# 데이터 분석
## - 한글 형태소 분석
## - 워드클라우드
## - 의미망분석

# 한글 형태소 분석

In [None]:
!pip3 install jpype
!pip3 install konlpy

## 단문에 대한 형태소 분석

In [None]:
from konlpy.tag import Kkma

kkma = Kkma()
print(kkma.pos("한국어 형태소 분석은 재밌습니다"))

from collections import Counter

pos = kkma.pos("한국어 형태소 분석은 재밌습니다")
count = Counter(pos)
print(count)

## 파일에 대한 형태소 분석

In [None]:
from konlpy.tag import Kkma
from collections import Counter

with open('thirties.txt', encoding='utf-8') as file:
    text = file.read()

kkma = Kkma()

nouns = kkma.nouns(text)
print(nouns)
count = Counter(nouns)
print(count)
print(count.most_common(5))

## 발의안에 대한 형태소 분석

In [None]:
from collections import Counter
from konlpy.tag import Twitter
from konlpy.corpus import kobill    # Docs from pokr.kr/bill

files_ko = kobill.fileids()         # Get file ids
print(files_ko)

text = kobill.open('1809891.txt').read()
print(text)

t = Twitter()
nouns = t.nouns(text)
count = Counter(nouns)
print(count.most_common(5))

# 워드 클라우드

 #### 예제 출처: PinkWInk(http://pinkwink.kr/1029, 방문일: 2018년 7월 10일)

In [None]:
from matplotlib import pyplot as plt
from wordcloud import WordCloud   

text = open('thirties.txt', encoding='utf-8').read()

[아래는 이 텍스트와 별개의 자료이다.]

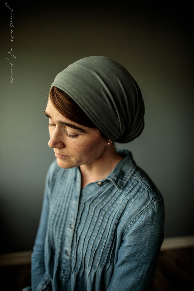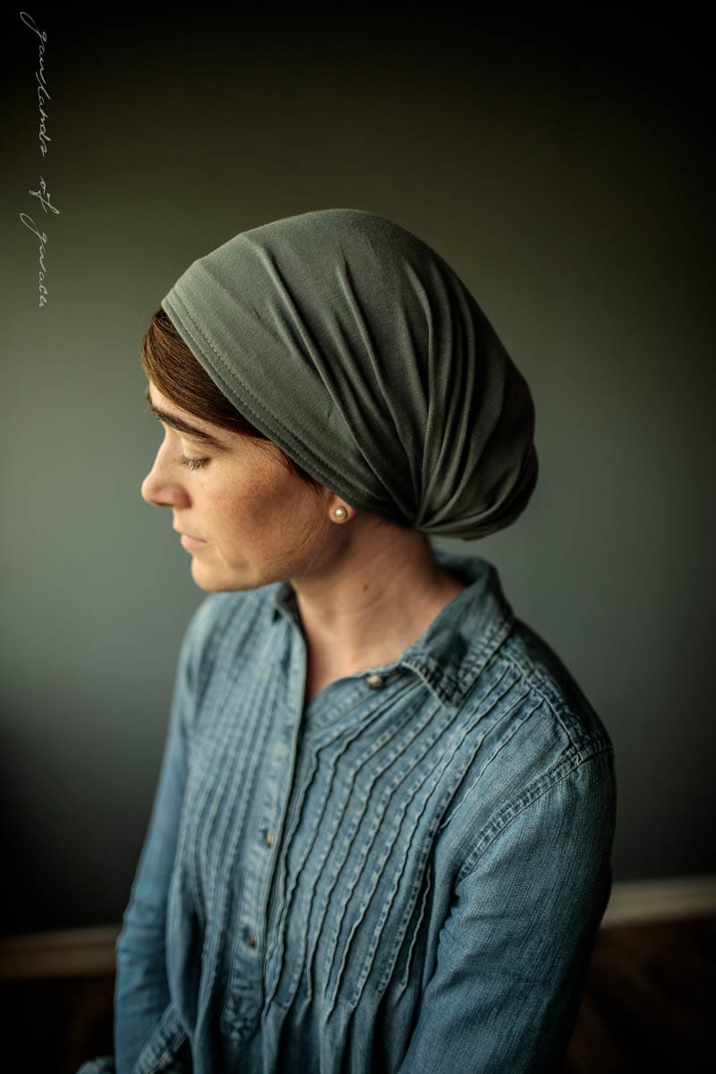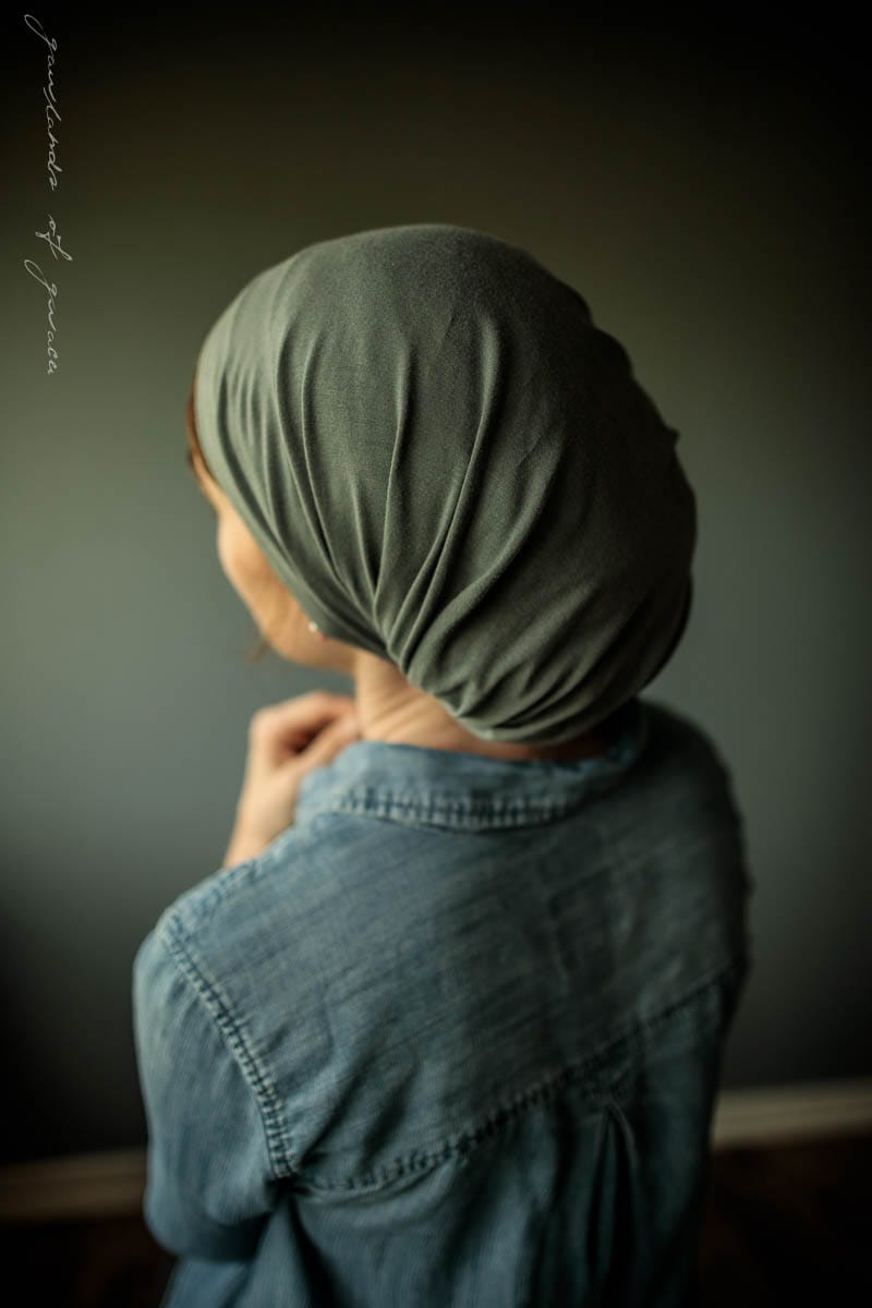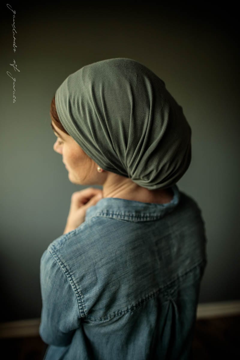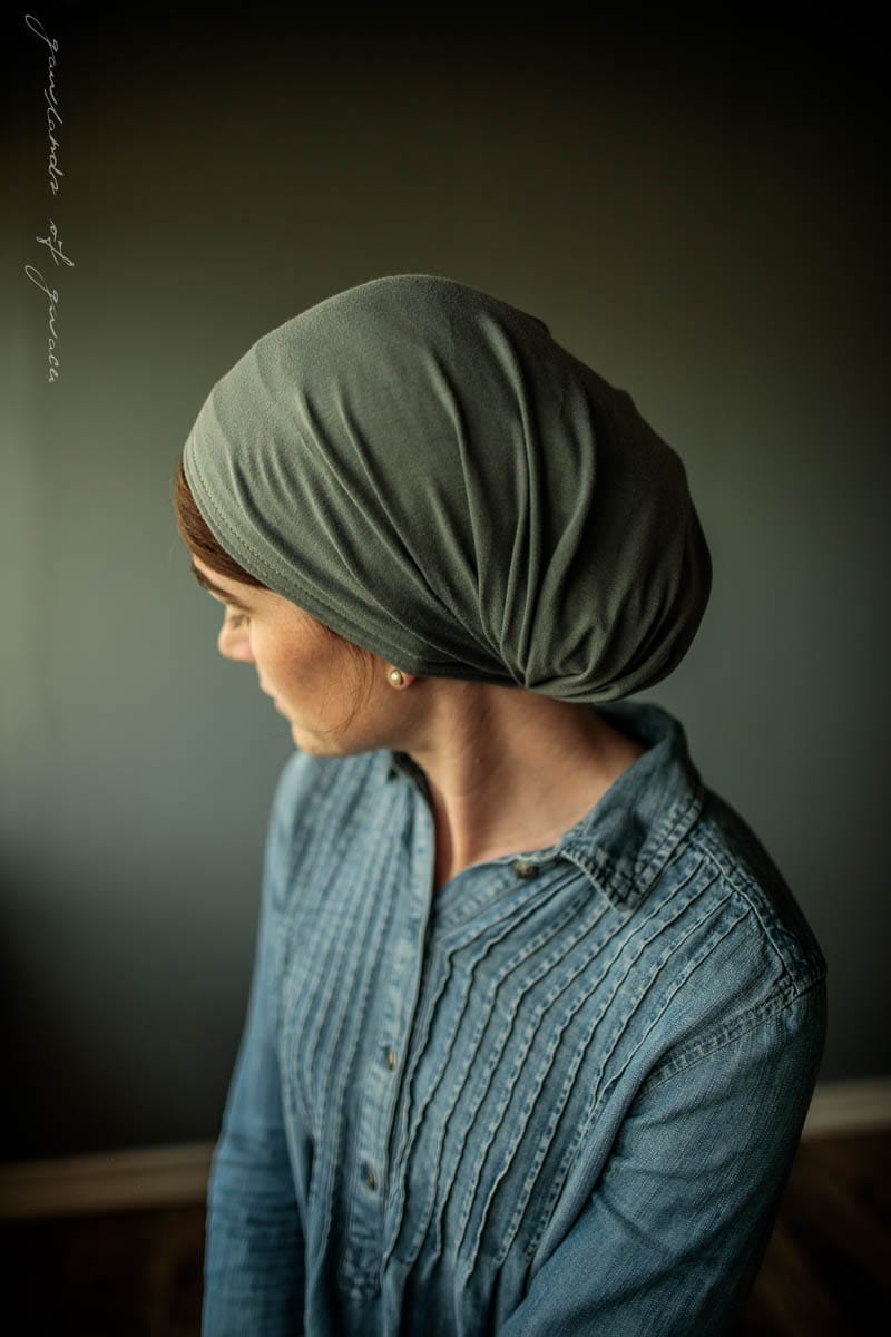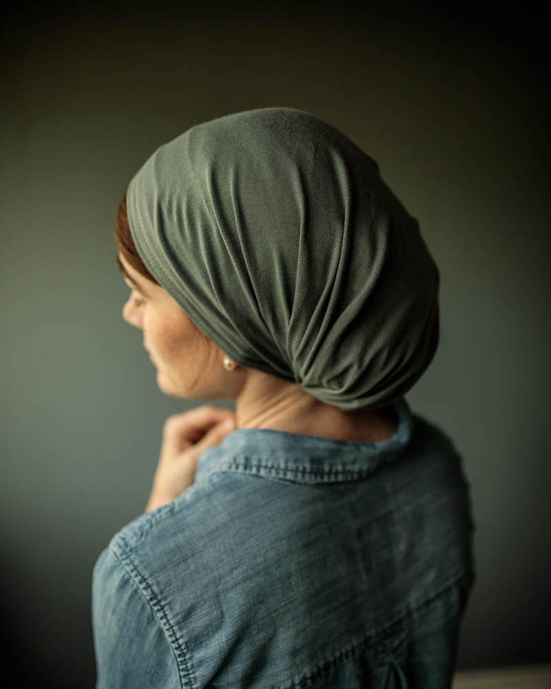 Snood style headcovering, tie closure, soft stretch knit, no slip design, full coverage

wordcloud = WordCloud().generate(text)

In [None]:
wordcloud.words_

In [None]:
import nltk
from konlpy.corpus import kolaw
from konlpy.tag import Twitter 
t = Twitter()

In [None]:
ko_con_text = kolaw.open('constitution.txt').read()
ko_con_text

In [None]:
tokens_ko = t.nouns(ko_con_text)
tokens_ko

In [None]:
stop_words = ['제', '월', '일', '조', '애', '수']
tokens_ko = [each_word for each_word in tokens_ko if each_word not in stop_words]
tokens_ko

In [None]:
ko = nltk.Text(tokens_ko)
ko.vocab().most_common(5)

## c.f. 한글폰트 설정

In [None]:
from matplotlib import font_manager, rc
font_name = font_manager.FontProperties(fname="AppleGothic.ttf").get_name()
rc('font', family=font_name)

In [None]:
data = ko.vocab().most_common(500)
tmp_data = dict(data)

wordcloud = WordCloud(font_path = "AppleGothic.ttf", 
                     relative_scaling = 0.2,
                     background_color = 'white',
                     ).generate_from_frequencies(tmp_data)
plt.figure(figsize = (16, 8))
plt.imshow(wordcloud)
plt.axis('off')
plt.show()

In [None]:
import numpy as np
from PIL import Image   

korea_coloring = np.array(Image.open("korea_mask.jpg"))
from wordcloud import ImageColorGenerator 
image_colors = ImageColorGenerator(korea_coloring)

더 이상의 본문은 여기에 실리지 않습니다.